**Aim of the exercise:**
The task for the listing below is to write out exactly the lines starting at the one containing "2023-2024学年学生会" and ending at the one containing "- Southwestern’s Avery", both included. Pictures are to be omitted.
::::::::
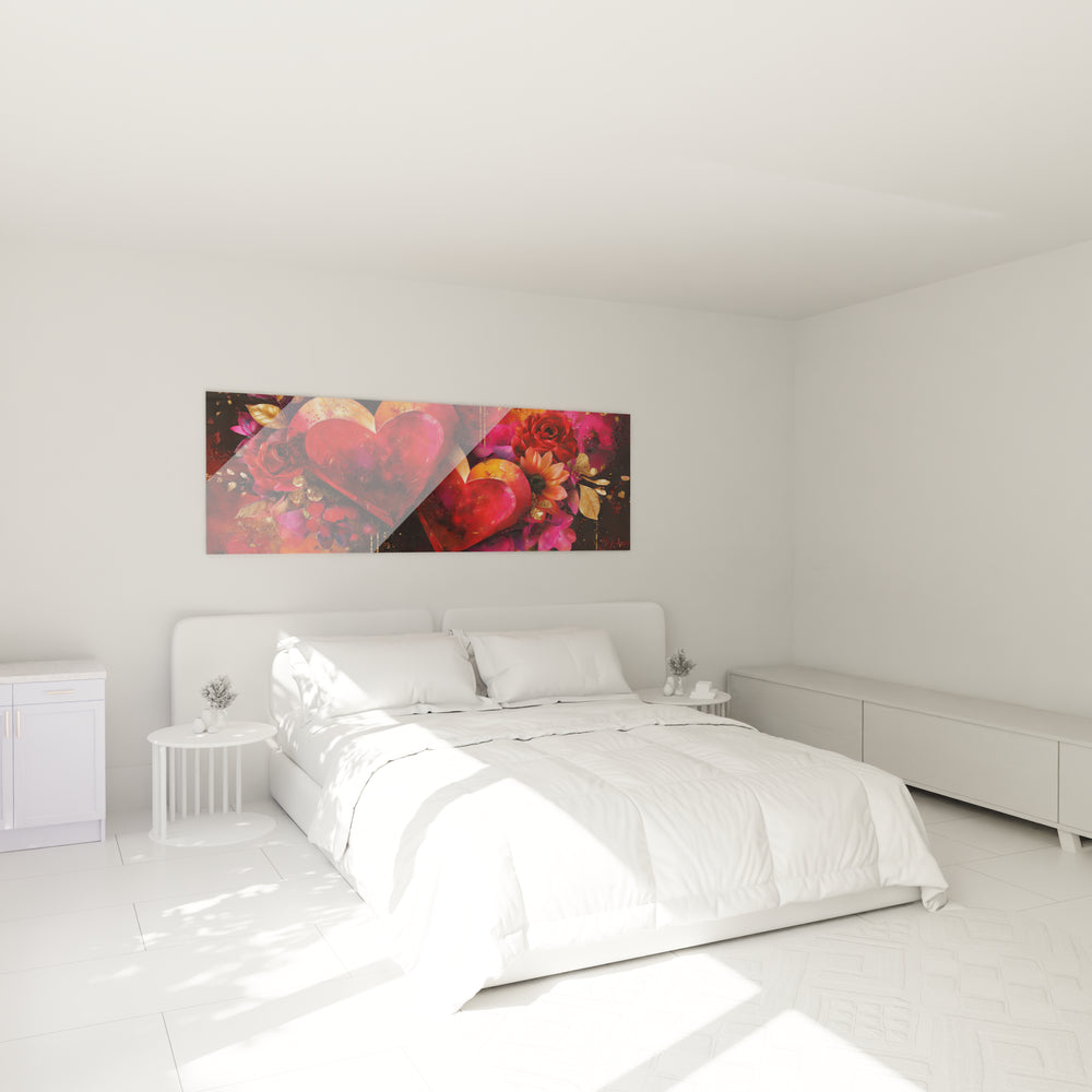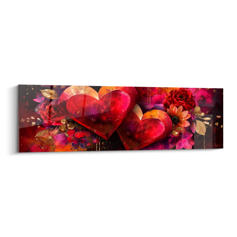 Ce tableau cœurs romantique présente une composition majestueuse où dominent deux cœurs cristallins translucides aux reflets rouge rubis. Cette décoration murale cœurs capture immédiatement l'attention par sa palette chromatique intense et sa richesse florale exceptionnelle. Les cœurs semblent sculptés dans un cristal précieux, créant des jeux de lumière fascinants qui transforment chaque angle de vue. L'ensemble évoque une symphonie visuelle où la passion se mélange à l'élégance, faisant de ce tableau cœurs passion une œuvre d'une intensité émotionnelle remarquable. Les détails dorés parsemés à travers la composition ajoutent une dimension luxueuse qui élève cette art mural cœurs au rang d'œuvre d'exception.
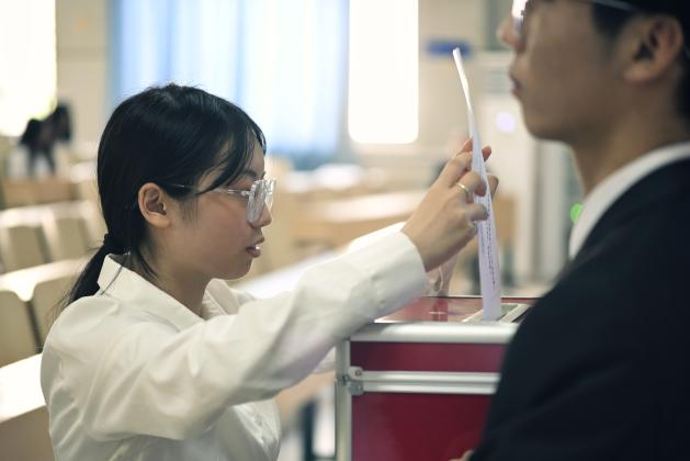 2023-2024学年学生会工作报告》,带领全体参会人员共同回顾了过去一年的工作历程和取得的成绩。随后,会议表决通过了新一届学生会主席团成员候选人名单、常任代表委员会委员名单以及选举相关的监票人、计票人名单等议案。各位代表投票选举产生了新一届的学生会主席团成员。
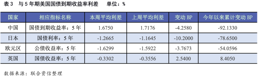 本周各期限中美國債平均收益率利差走勢不一,1年期中美國債平均收益率利差分別較上周走擴2.20個BP至2.25%;5年期和10年期中美國債平均收益率利差分別較上周收窄4.26個和4.03個BP至1.68%和1.36%。本周1年期、5年期和10年期日美國債平均收益率利差分別較上周走擴0.63個、10.20個和8.85個BP至-0.23%、-1.27%和-1.57%。本周1年期歐元區公債與相應期限美債平均收益率利差分別較上周收窄1.80個BP至-0.82%;5年期和10年期歐元區公債與相應期限美債平均收益率利差分別較上周走擴3.77個和5.46個BP至-1.63%和-1.75%。本周5年期英美國債平均收益率利差分別較上周收窄2.54個BP至-0.33%;10年英美國債平均收益率利差分別較上周走擴2.30個BP至-0.52%。
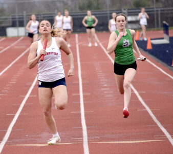 - Southwestern’s Avery Johnson beats Clymer/Sherman/Panama’s Olivia Dellamora to the finish line in the 400-meter relay during Tuesday’s nonleague track and field meet at the Fran Sirianni Athletic Complex. P-J photo by Matt Spielman
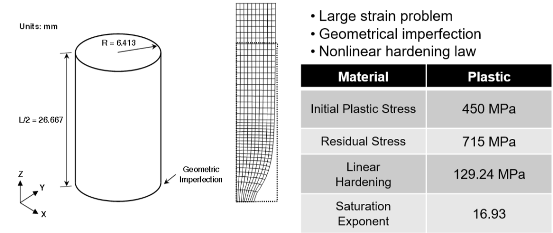 Large strain, geometrical imperfection, elasto-plastic material with nonlinear hardening
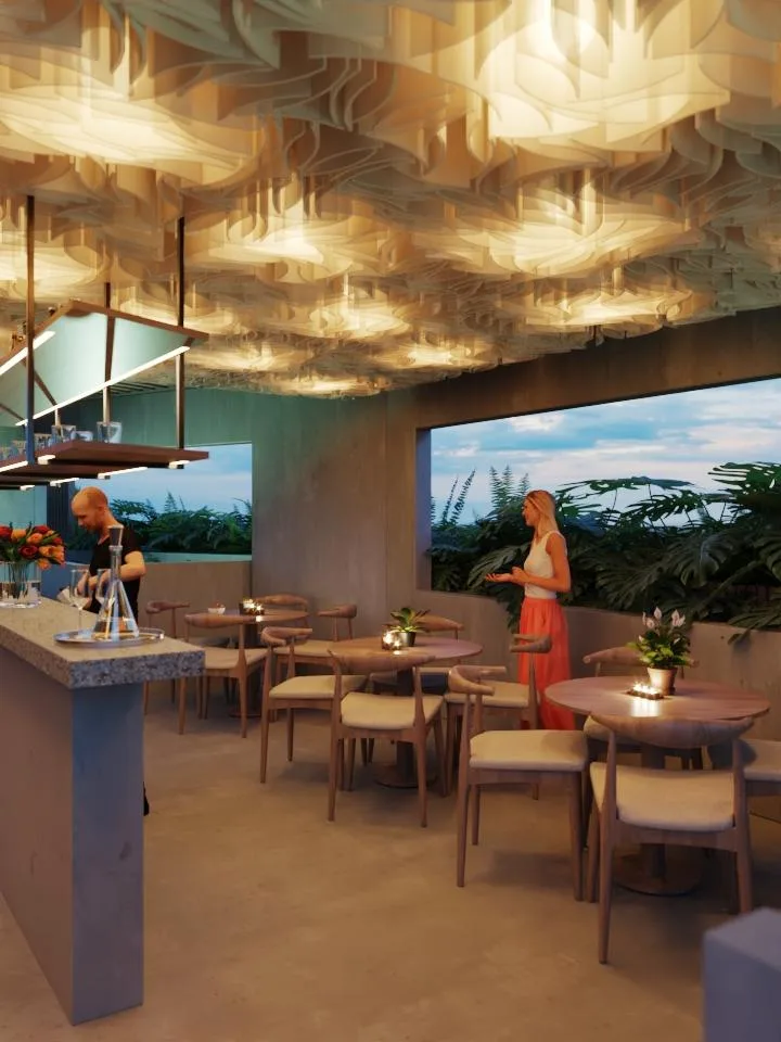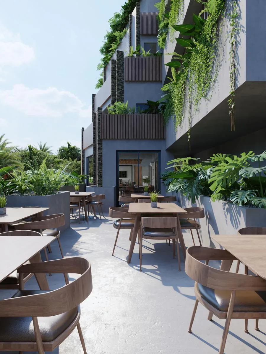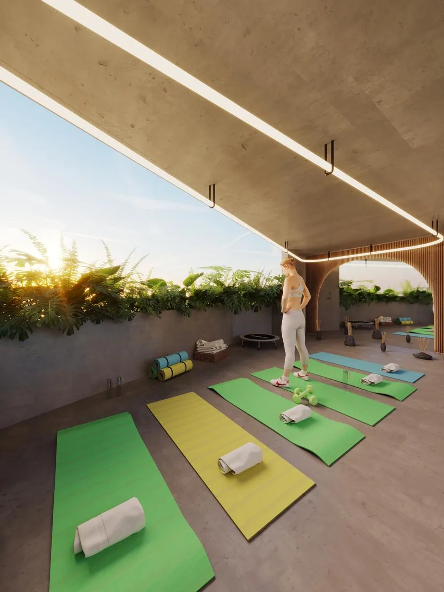 The residence provides a spa for relaxation, a fully equipped gym, and a coworking space for productivity. Year-round enjoyment is available at the swimming pool and pool bar. Additional features include a dedicated yoga area, an on-site restaurant, and a rooftop offering impressive views.
::::::::
**Result:**
 2023-2024学年学生会工作报告》,带领全体参会人员共同回顾了过去一年的工作历程和取得的成绩。随后,会议表决通过了新一届学生会主席团成员候选人名单、常任代表委员会委员名单以及选举相关的监票人、计票人名单等议案。各位代表投票选举产生了新一届的学生会主席团成员。
 本周各期限中美國債平均收益率利差走勢不一,1年期中美國債平均收益率利差分別較上周走擴2.20個BP至2.25%;5年期和10年期中美國債平均收益率利差分別較上周收窄4.26個和4.03個BP至1.68%和1.36%。本周1年期、5年期和10年期日美國債平均收益率利差分別較上周走擴0.63個、10.20個和8.85個BP至-0.23%、-1.27%和-1.57%。本周1年期歐元區公債與相應期限美債平均收益率利差分別較上周收窄1.80個BP至-0.82%;5年期和10年期歐元區公債與相應期限美債平均收益率利差分別較上周走擴3.77個和5.46個BP至-1.63%和-1.75%。本周5年期英美國債平均收益率利差分別較上周收窄2.54個BP至-0.33%;10年英美國債平均收益率利差分別較上周走擴2.30個BP至-0.52%。
 - Southwestern’s Avery Johnson beats Clymer/Sherman/Panama’s Olivia Dellamora to the finish line in the 400-meter relay during Tuesday’s nonleague track and field meet at the Fran Sirianni Athletic Complex. P-J photo by Matt Spielman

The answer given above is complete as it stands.